▶ **Action item**
Repeat the lines below exactly as written, please, from the line with "Sandra Dinnendahl López." to the line with "Una vez que", both lines included, and no others.

▶ **Exercise materials**

· · · · · · ·

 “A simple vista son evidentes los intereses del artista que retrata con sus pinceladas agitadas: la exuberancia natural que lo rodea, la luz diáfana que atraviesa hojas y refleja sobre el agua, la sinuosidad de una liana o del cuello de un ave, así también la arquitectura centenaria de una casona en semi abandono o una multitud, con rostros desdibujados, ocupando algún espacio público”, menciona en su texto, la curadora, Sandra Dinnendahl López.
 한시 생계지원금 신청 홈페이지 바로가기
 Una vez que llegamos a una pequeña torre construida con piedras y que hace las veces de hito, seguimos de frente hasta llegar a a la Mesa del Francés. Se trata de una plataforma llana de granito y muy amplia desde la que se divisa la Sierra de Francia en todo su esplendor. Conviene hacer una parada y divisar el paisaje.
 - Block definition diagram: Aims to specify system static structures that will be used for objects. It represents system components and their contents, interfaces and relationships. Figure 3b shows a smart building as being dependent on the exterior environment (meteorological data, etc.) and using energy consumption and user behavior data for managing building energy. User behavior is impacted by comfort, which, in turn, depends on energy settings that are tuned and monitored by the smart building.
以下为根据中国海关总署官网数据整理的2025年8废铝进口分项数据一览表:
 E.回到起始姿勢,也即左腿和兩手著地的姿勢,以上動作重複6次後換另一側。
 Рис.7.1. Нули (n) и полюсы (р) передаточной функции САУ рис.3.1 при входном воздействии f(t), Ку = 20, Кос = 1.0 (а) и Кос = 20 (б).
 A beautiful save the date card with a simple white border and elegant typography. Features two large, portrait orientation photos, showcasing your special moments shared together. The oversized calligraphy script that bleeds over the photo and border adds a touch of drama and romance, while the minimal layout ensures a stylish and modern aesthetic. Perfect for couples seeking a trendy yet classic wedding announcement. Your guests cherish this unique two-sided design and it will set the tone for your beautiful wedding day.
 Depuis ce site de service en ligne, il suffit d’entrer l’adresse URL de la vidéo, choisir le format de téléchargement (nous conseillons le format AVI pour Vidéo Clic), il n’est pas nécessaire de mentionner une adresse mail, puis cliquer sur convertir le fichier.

· · · · · · ·

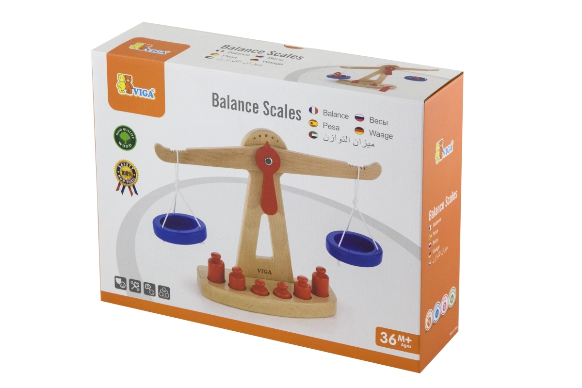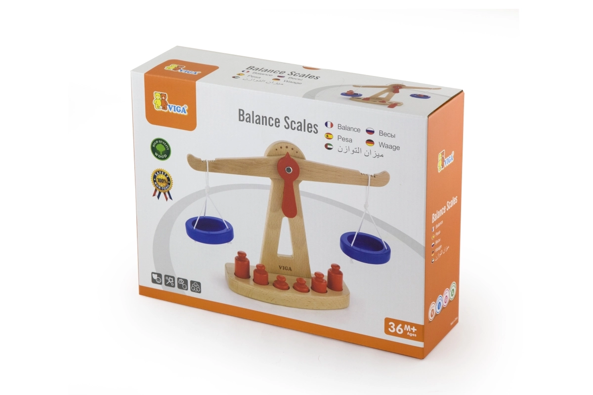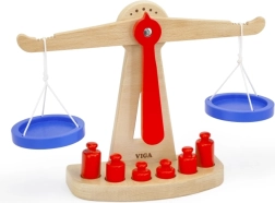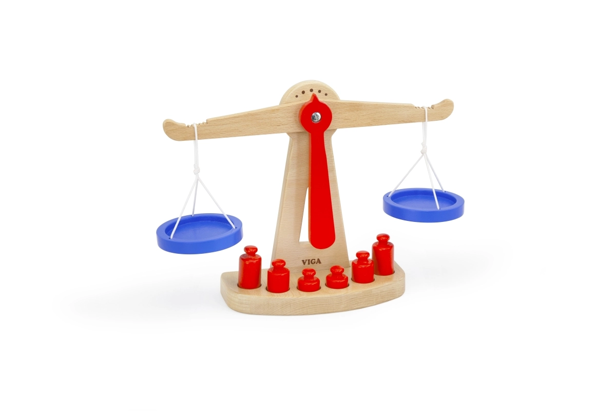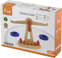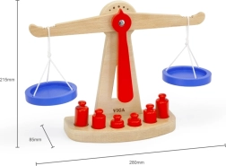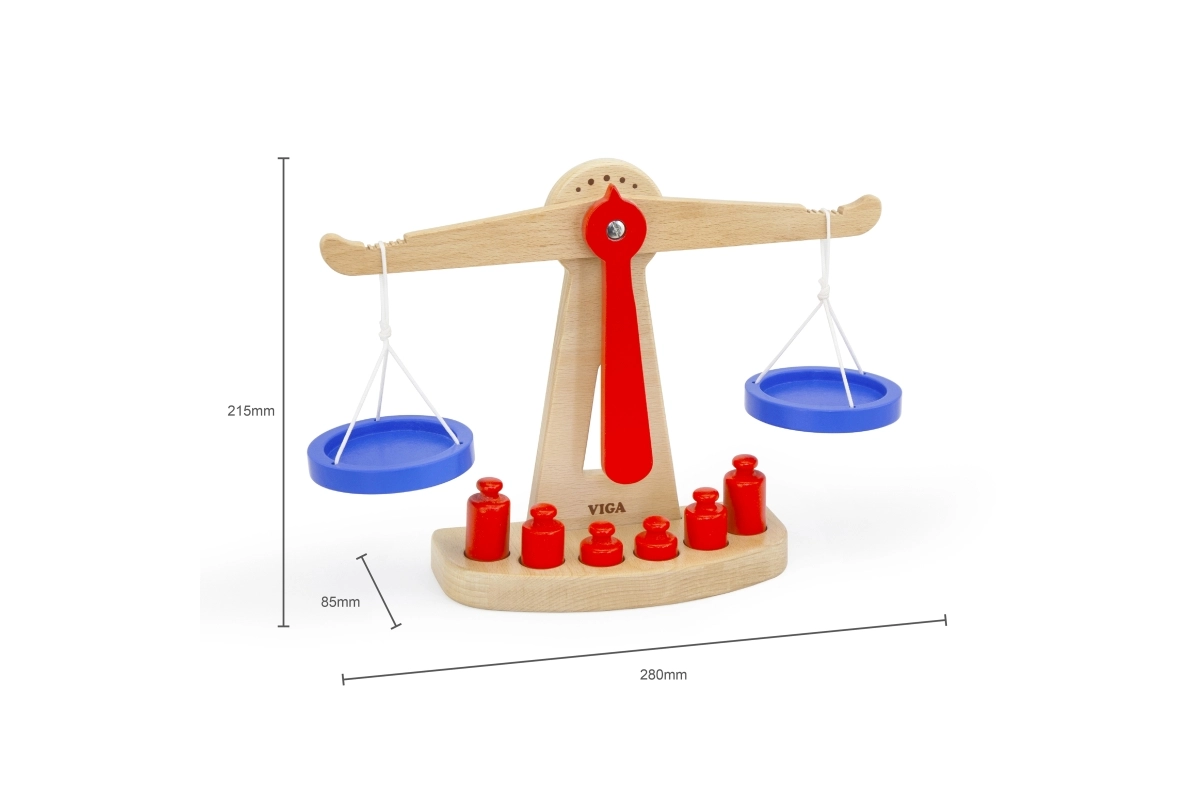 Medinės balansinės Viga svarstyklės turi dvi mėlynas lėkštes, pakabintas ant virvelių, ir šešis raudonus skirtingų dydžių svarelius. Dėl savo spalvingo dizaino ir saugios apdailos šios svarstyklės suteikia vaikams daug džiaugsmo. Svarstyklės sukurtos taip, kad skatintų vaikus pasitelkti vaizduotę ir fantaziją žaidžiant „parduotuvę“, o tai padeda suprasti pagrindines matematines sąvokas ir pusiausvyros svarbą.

· · · · · · ·

▶ **Result below**
 “A simple vista son evidentes los intereses del artista que retrata con sus pinceladas agitadas: la exuberancia natural que lo rodea, la luz diáfana que atraviesa hojas y refleja sobre el agua, la sinuosidad de una liana o del cuello de un ave, así también la arquitectura centenaria de una casona en semi abandono o una multitud, con rostros desdibujados, ocupando algún espacio público”, menciona en su texto, la curadora, Sandra Dinnendahl López.
 한시 생계지원금 신청 홈페이지 바로가기
 Una vez que llegamos a una pequeña torre construida con piedras y que hace las veces de hito, seguimos de frente hasta llegar a a la Mesa del Francés. Se trata de una plataforma llana de granito y muy amplia desde la que se divisa la Sierra de Francia en todo su esplendor. Conviene hacer una parada y divisar el paisaje.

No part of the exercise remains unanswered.